▸ ABOUT THIS TASK
Extract the lines beginning at the one that holds "長い髪を頭上できゅっとお団子" and ending at the final line of the material below, keeping them exact and leaving out all pictures.

▸ RECORDS PROVIDED
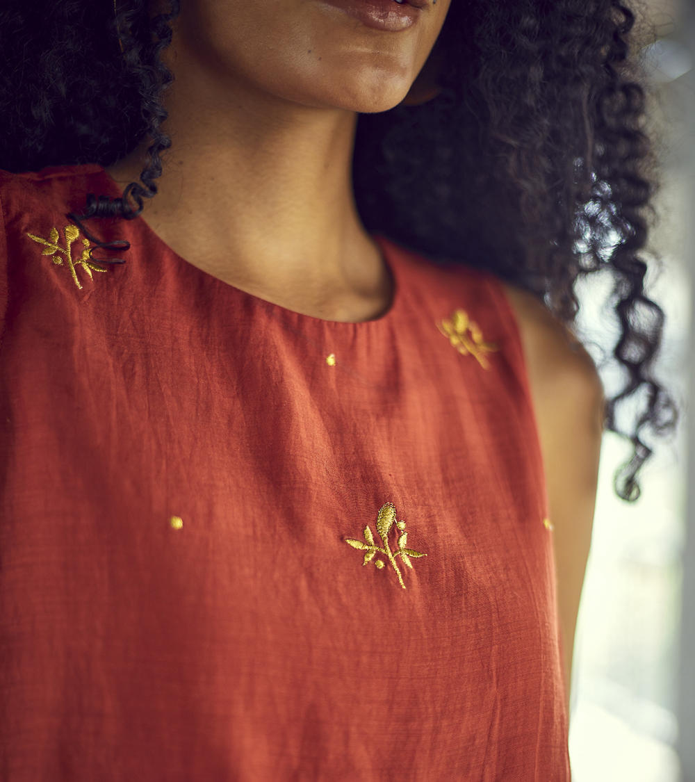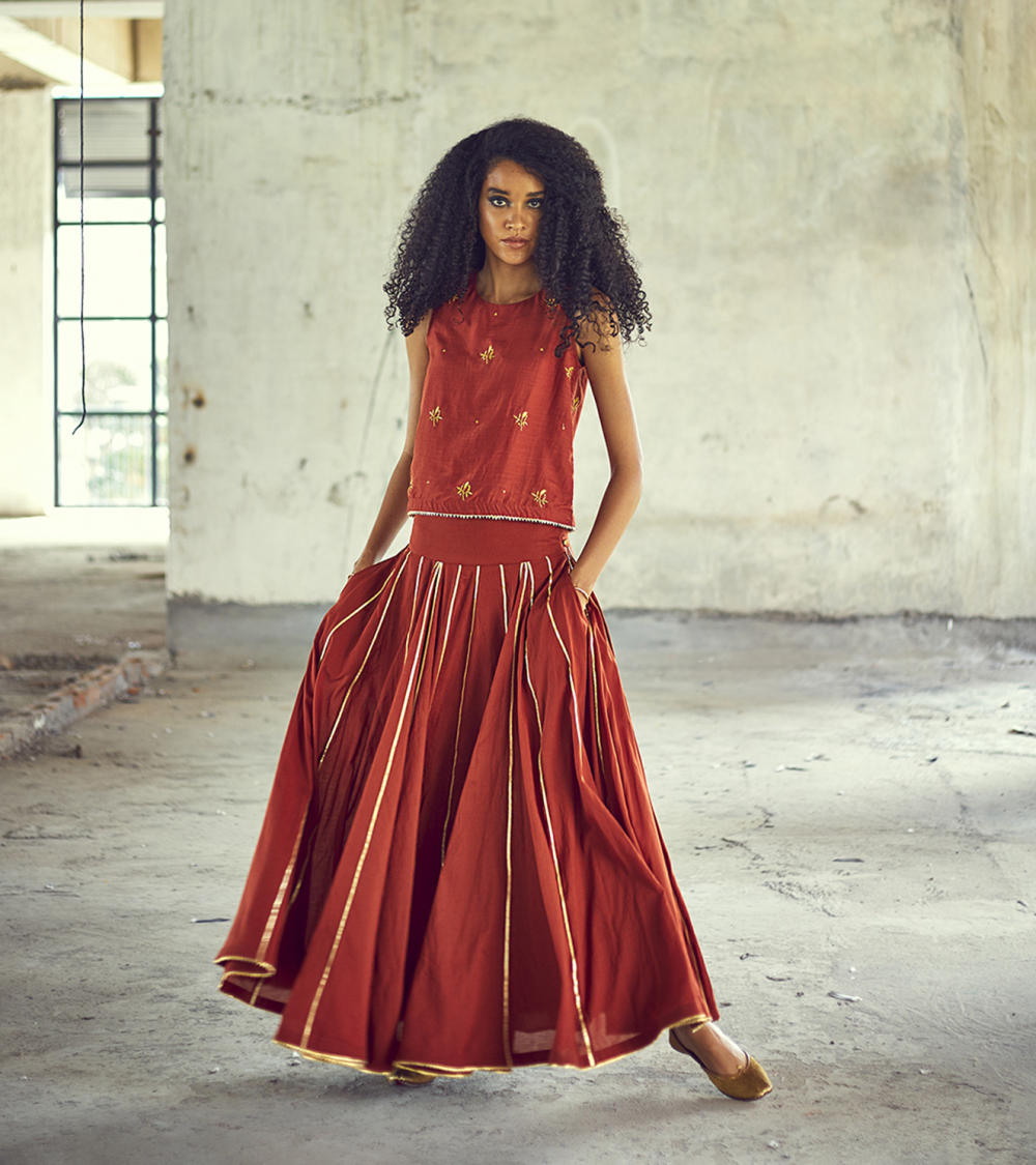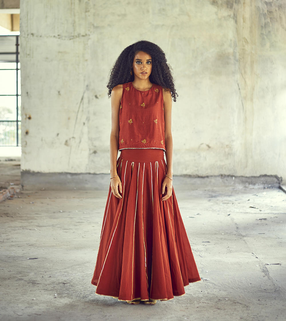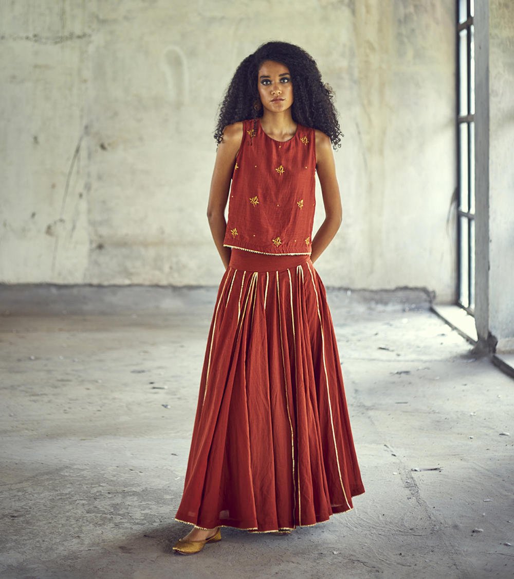 Burt red short cotton silk kurti, with around neckline, back hook opening and delicate details of gold embroidery work. Worn with it is a playful and fun mulmul hight waisted ghagra and fastened by decorative gold buttons. The look is completed with delicate lines of gota lace all across the kalidar mulmul skirt with delicate gota finishing across the hemline.
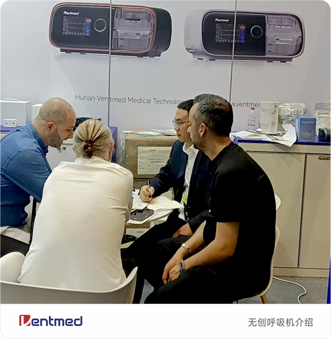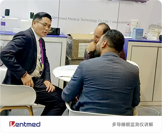 本次展台上,万脉医疗精心打造了一个集产品展示、技术体验与专业交流于一体的沉浸式空间。核心展示区,全系列睡眠呼吸机、智能监测设备及云端管理平台联袂登场,清晰诠释了从筛查、诊断到干预、管理的完整闭环解决方案。现场观众可亲身体验产品的卓越性能与舒适设计,感受科技带来的健康蜕变。简洁明快的设计风格、深入细致的技术讲解,吸引了众多国际客户驻足咨询、洽谈合作。
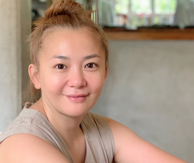 長い髪を頭上できゅっとお団子に結え、カーキ色のタンクトップで微笑む近影も公開しました。
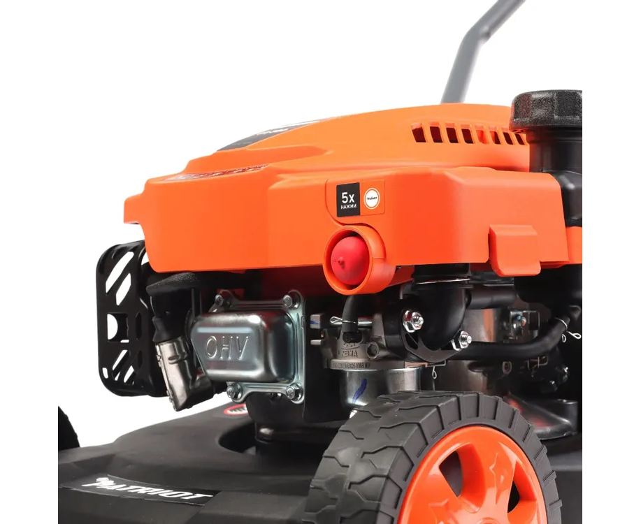 Газонокосилка с ножом; Комплект колес; Рукоятка верхняя; Рукоятка нижняя; Травосборник; Клипса крепления троса; Комплект болтов и саморезов; Свечной ключ, Отвёртка; Инструкция по эксплуатации
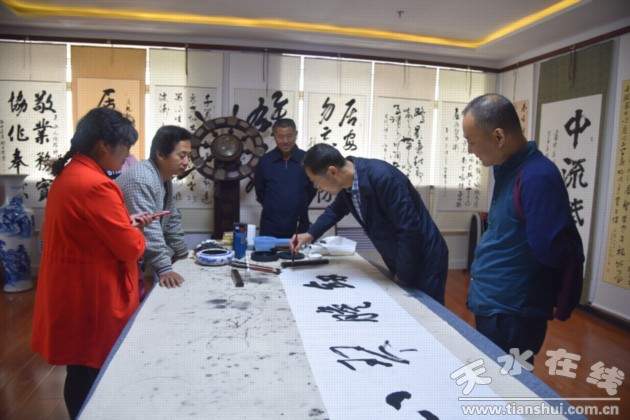 最后,市文化館書記、館長李靖親筆簽名留言,并為天水人防體驗館現(xiàn)場書寫書法作品。
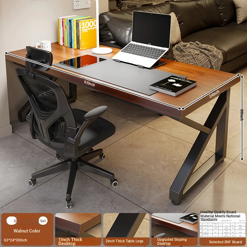 [Upgraded table and chair combination] walnut color 62.99in*23.62in + Engineering chair
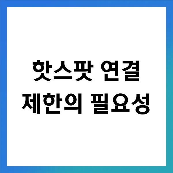 이처럼 핫스팟 연결 제한의 필요성은 매우 분명합니다. 편리함과 보안을 함께 고려해야 하는 시대에서 , 저와 같은 경험을 가지신 분들이라면 그 중요성을 더욱 잘 느끼리라 생각합니다. 핫스팟을 통해 안전하고 효율적인 인터넷 사용을 위해서는 연결 제한 설정이 필수적입니다.
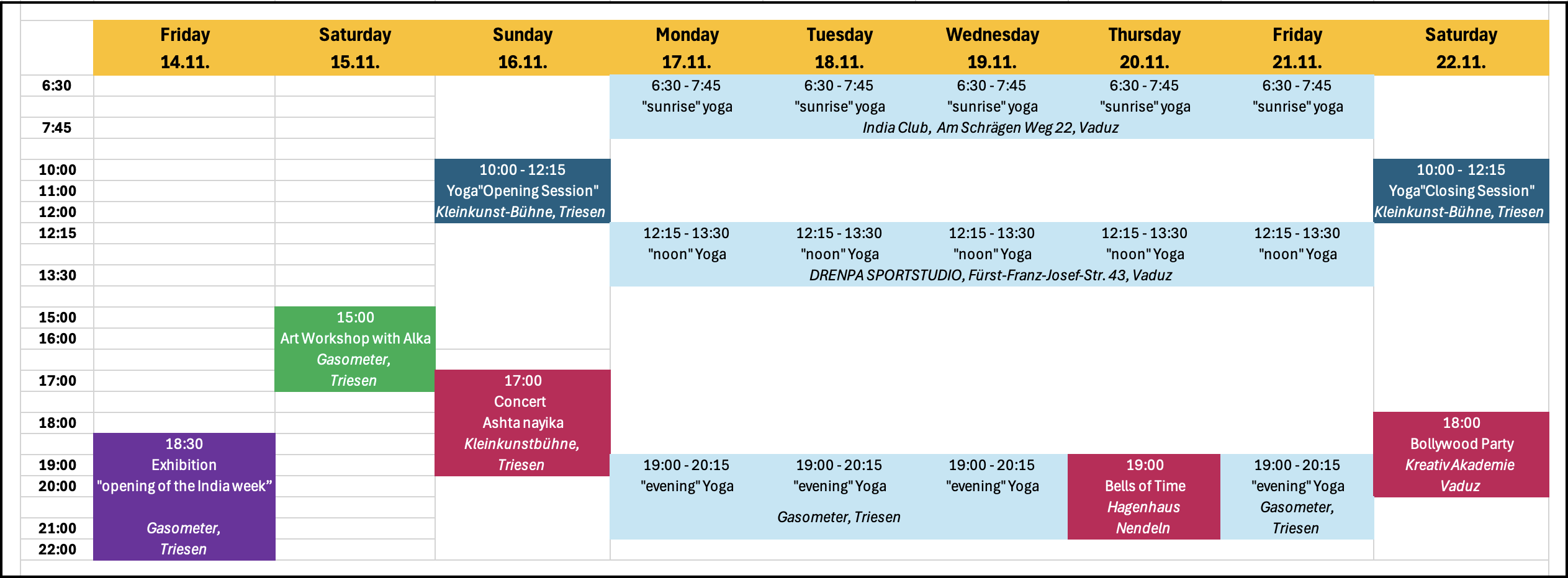 “sunrise” Yoga: India Club, Am Schrägen Weg 22, Vaduz;

▸ THE ANSWER
 長い髪を頭上できゅっとお団子に結え、カーキ色のタンクトップで微笑む近影も公開しました。
 Газонокосилка с ножом; Комплект колес; Рукоятка верхняя; Рукоятка нижняя; Травосборник; Клипса крепления троса; Комплект болтов и саморезов; Свечной ключ, Отвёртка; Инструкция по эксплуатации
 最后,市文化館書記、館長李靖親筆簽名留言,并為天水人防體驗館現(xiàn)場書寫書法作品。
 [Upgraded table and chair combination] walnut color 62.99in*23.62in + Engineering chair
 이처럼 핫스팟 연결 제한의 필요성은 매우 분명합니다. 편리함과 보안을 함께 고려해야 하는 시대에서 , 저와 같은 경험을 가지신 분들이라면 그 중요성을 더욱 잘 느끼리라 생각합니다. 핫스팟을 통해 안전하고 효율적인 인터넷 사용을 위해서는 연결 제한 설정이 필수적입니다.
 “sunrise” Yoga: India Club, Am Schrägen Weg 22, Vaduz;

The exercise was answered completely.